These are the student’s original lyrics that were later crafted into the song:

Why do you call beauty looks
I fear that I stand there and you stare
Can’t tell where but why stare
Just come over and talk

And

We will conquer the world as one
We will be joyous and dance
A dance filled with freedom

We will unite the world as one
Although we know the world will be united
We may not even see our project
But we see the beauty in this life.
We will always know the truth
And beauty of the freedom
Of happiness.

The students took great delight in the double meaning that 1) they may not live long enough to “see” or experience the world united, and 2) even if they do, they will not “see” it visually as sighted people do.
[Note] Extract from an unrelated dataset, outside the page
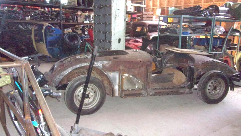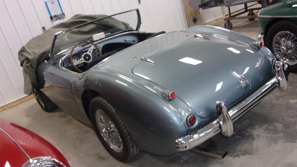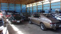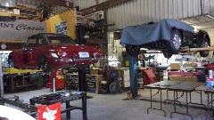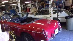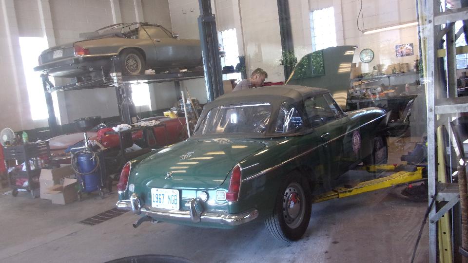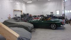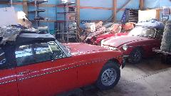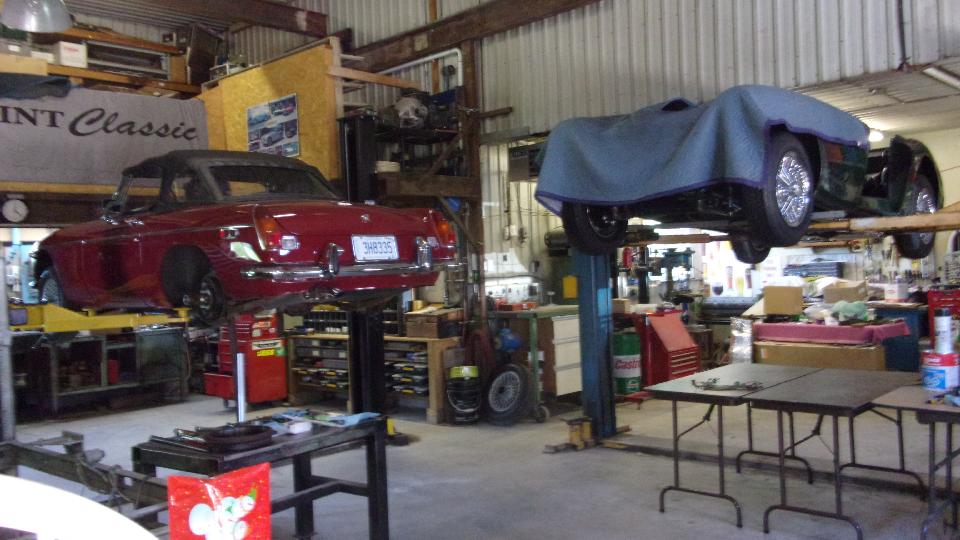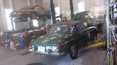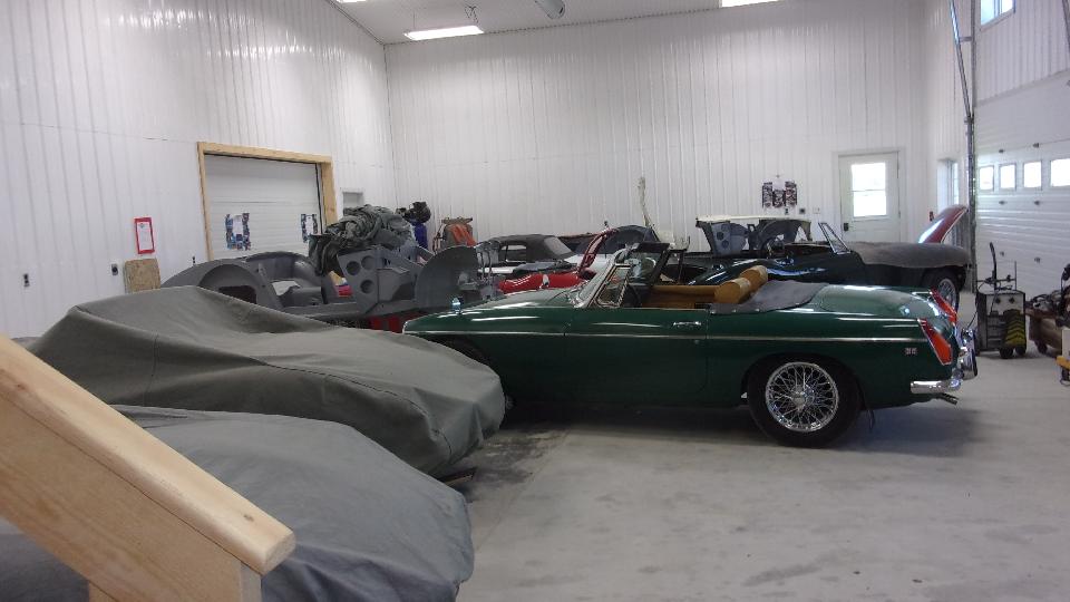 Above is the new shop, been here a few years by now. The front garage space is primarily short term storage of customer cars in process. We found an assortment of Healeys of course, including a Jensen Healey and an MGB.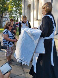 Tai buvo „Kleboniškos virenės pasakojimai“, nukėlę mus į XX a. pradžią, kai Kuliuose klebonui talkino dvi jo seserys ir jų žvitrios pagalbininkės. Susodinusios už ilgų stalų, aktorės taip porino apie klebonijos ir Kulių gyvenimą, kad atsiklausyti negalėjome. Oho, kiek čia įdomių nutikimų būta! Aišku, prisimintas buvo ir Vaižgantas, ir klebonijoje vaikystėje gyvenusi Sofija Kymantaitė… O aprodžiusios savo klebonišką ūkį, svetingos šeimininkės ir kiaušiniene pavaišino, ir arbatos su pyragu pasiūlė. Pasijutome, lyg pas artimus gimines pabuvoję…

In the next several workshops we refined “The Dance of Freedom” to this:

The Dance of Freedom No. 2
Lyrics by: Alex, Julia, Grace, Raiven, Destiny,
Brianna, and Val Smalkin

Chorus:
The world will be united
As we dance the Dance of Freedom.
Whether blind or whether sighted
We all dance the Dance of Freedom.

I feel your distant stare
I know that you are there.
Please come and talk to me
Let's try things differently.

We like to say we are not blind
But our eyes are on time-out.
Our ears work overtime you see
We hear and see things differently.

Chorus

You see with your eyes, I see with my mind.
I see with my ears, I see, though I'm blind.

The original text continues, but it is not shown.